鹿島港では同年7月、釜山(韓国)と結ぶ定期コンテナ航路に、韓国の興亜海運のコンテナ船が就航した。外航定期コンテナ船が開設されたのは震災後約5年ぶりで、今後鹿島港の物流機能がさらに強化されることになる。

さらに富士重工業が、同年11月から自動車の輸出港として常陸那珂港区の利用を開始した。北米販売が好調なため、現在の京浜港だけでは対応が難しくなり、群馬県太田市の生産拠点と北関東自動車道でつながる同港区の利用を決めたという。

広域交通ネットワークでは港湾以外の整備も進んでいる。首都圏3番目の空港である茨城空港は旅客数、取扱貨物量を順調に伸ばしているが、同空港と常磐道を結ぶアクセス道路の整備も計画されている。

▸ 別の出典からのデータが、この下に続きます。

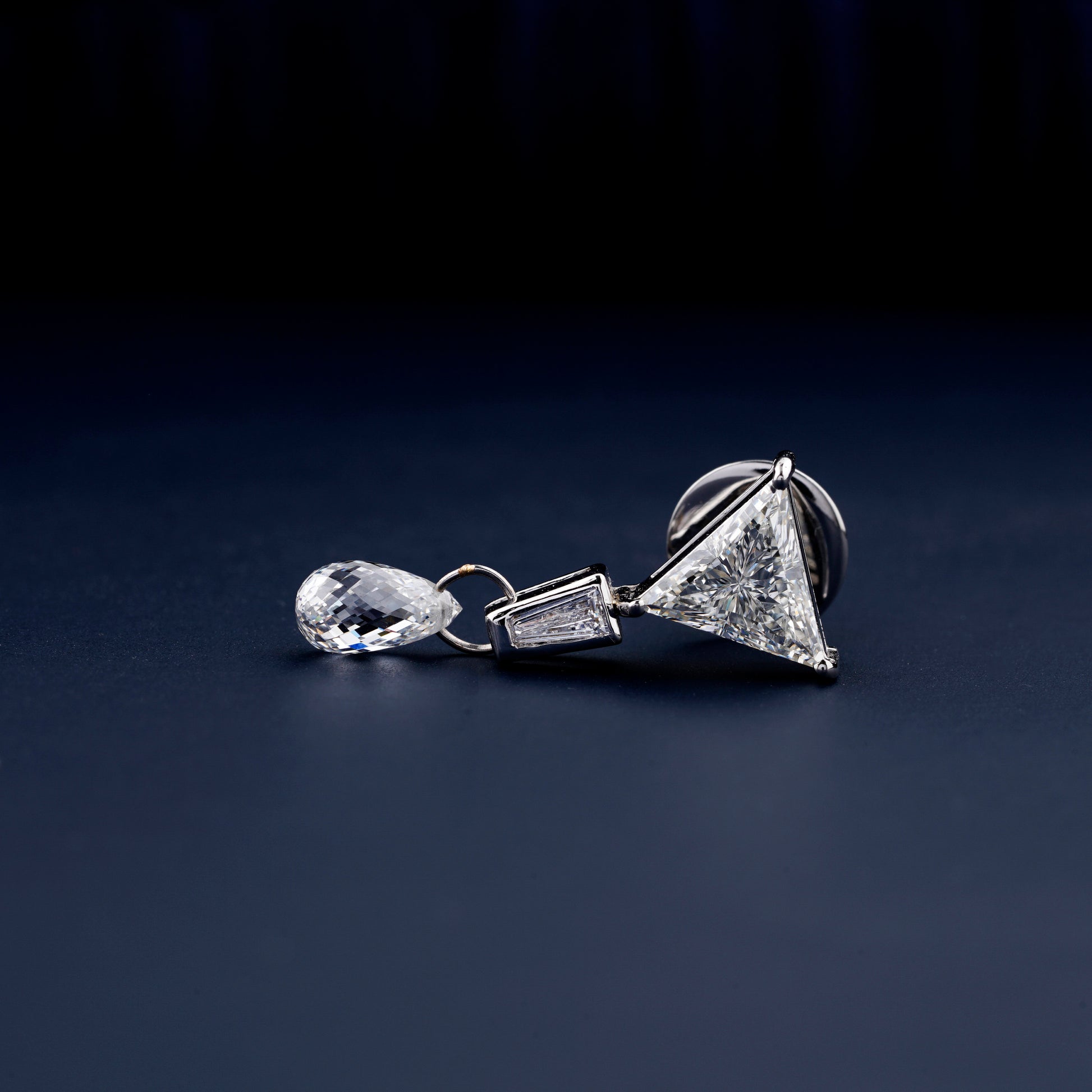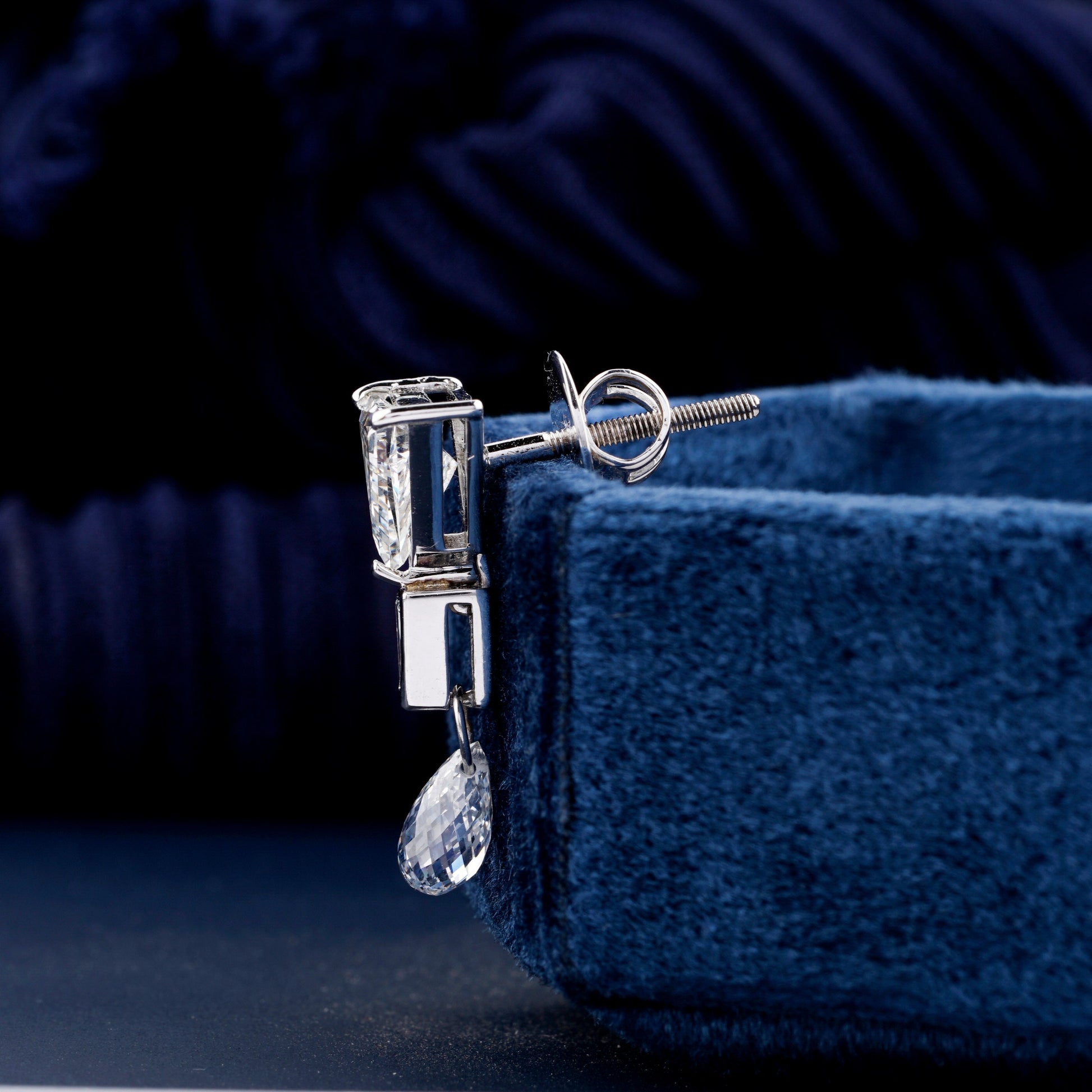 3.50 TCW Triangle Cut Diamond With Briolette Drops Stud Earrings 14K Yellow Gold Diamond Bridal Earrings Eco Diamond Cluster Stud Earrings

鉄道については、つくばー秋葉原駅間を最速45分で結ぶつくばエクスプレス(TX)は15年に開業10年を迎え、乗客数は毎年増加。また上野が終点だったJR常磐線が東海道線に直接乗り入れる「上野東京ライン」も開業し、品川や横浜方面とのアクセスが大幅に向上している。

本社機能移転優遇制度で
さらに企業を支援

前述したようなインフラ整備に加え、茨城県ではハード、ソフト両面でのきめ細かな企業サポートに力を入れている。まず、制度面では、進出企業に対する県税の課税免除の導入や国への働きかけで創設された新たな企業立地補助金など、優遇制度の充実に努めている。

中でも注目すべきは、企業の本社機能移転に関する新たな優遇制度だ。国の改正地域再生法に基づく地方拠点強化税制では県南西地域の一部の近郊整備地帯は対象外とされたが、県ではこの地域を加え、対象地域を県内全域に拡大し、不動産取得税など県税を大幅に軽減する全国トップクラスとなる独自の優遇制度を創設した。さらに企業が本社機能移転に要する費用に対し補助率2分の1を上限に、最大一億円の補助金を交付する制度を新たに創設し、この動きを加速させていくこととしている。

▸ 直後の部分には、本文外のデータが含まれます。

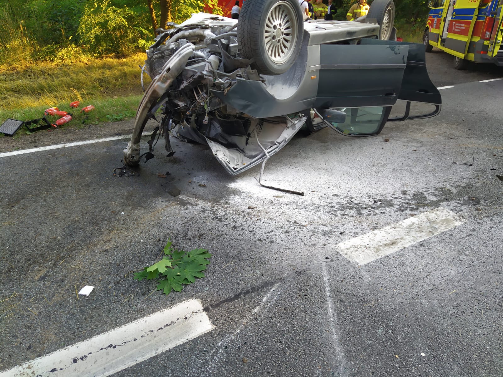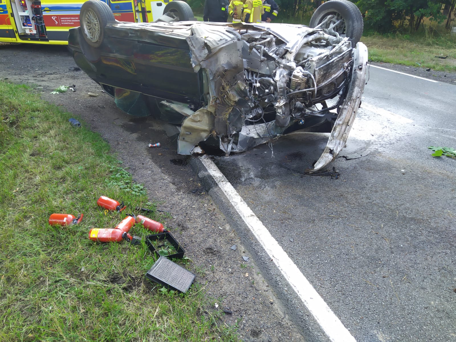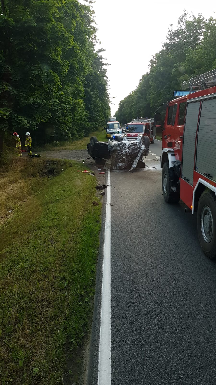Po dojeździe na miejsce zdarzenia ratownicy zastali leżący na dachu blokujący jeden pas ruchu samochód osobowy, kierujący pojazdem oraz pasażerowie zostali uwolnieni z pojazdu przez świadków zdarzenia. Świadkowie ugasili palący się samochód przed przybyciem jednostek SP.

茨城県では、立地前はもちろんのこと、立地した後の企業に対するフォローも手厚いと評判だ。「立地企業フォローアップ事業」では、立地企業を個別に訪問し、県と企業とで継続的に関係を築きながら、課題やニーズを把握し立地環境の整備を推進。このほか、企業と県幹部が直接意見交換を行い立地環境のさらなる整備を図る懇談会も定期的に行われている。

茨城県では、立地を検討している企業に対してさまざまな情報提供も行っている。たとえば、東京や大阪で企業を対象とした「いばらき産業立地セミナー」の開催。茨城県の立地環境などについて県行政から詳しい説明が行われるほか、市町村における企業誘致の取り組みも紹介される。また、実際に進出した企業の経営者による講演なども行われる。

茨城県では引き続き、さまざまな業界・業種の企業による意見を踏まえながら、あらゆる企業のニーズを満たす環境整備を行っていく予定だ。3年連続の「3冠」という「No.1」を維持するとともに、さらなる向上を目指して挑戦し続けようとしている。未来を視野にグローバルに競争力を強化し成長しようとする企業にとっても、大いに頼りがいのある存在になりそうだ。

トップインタビュー
茨城県の企業誘致への取り組み

茨城県知事 橋本 昌

本県では、常磐道や北関東自動車道をはじめ、2017年2月26日に県内区間全線開通を控える圏央道、茨城港や茨城空港など、陸海空の交通ネットワークをはじめとした企業立地環境の充実に力を入れてまいりました。こういったことを多くの企業から評価いただき、13年から3年連続で立地件数、面積及び県外企業立地件数の3項目において全国第1位となりました。

圏央道開通により、ますます高まる本県の地理的優位性に加え、本県独自の企業立地補助金や茨城産業再生特区における税制上の優遇措置などを積極的に活用し、さらに多くの企業から産業拠点として本県を選んでいただけるよう取り組んでまいります。本県での新たなビジネス・事業展開を心よりお待ちしております。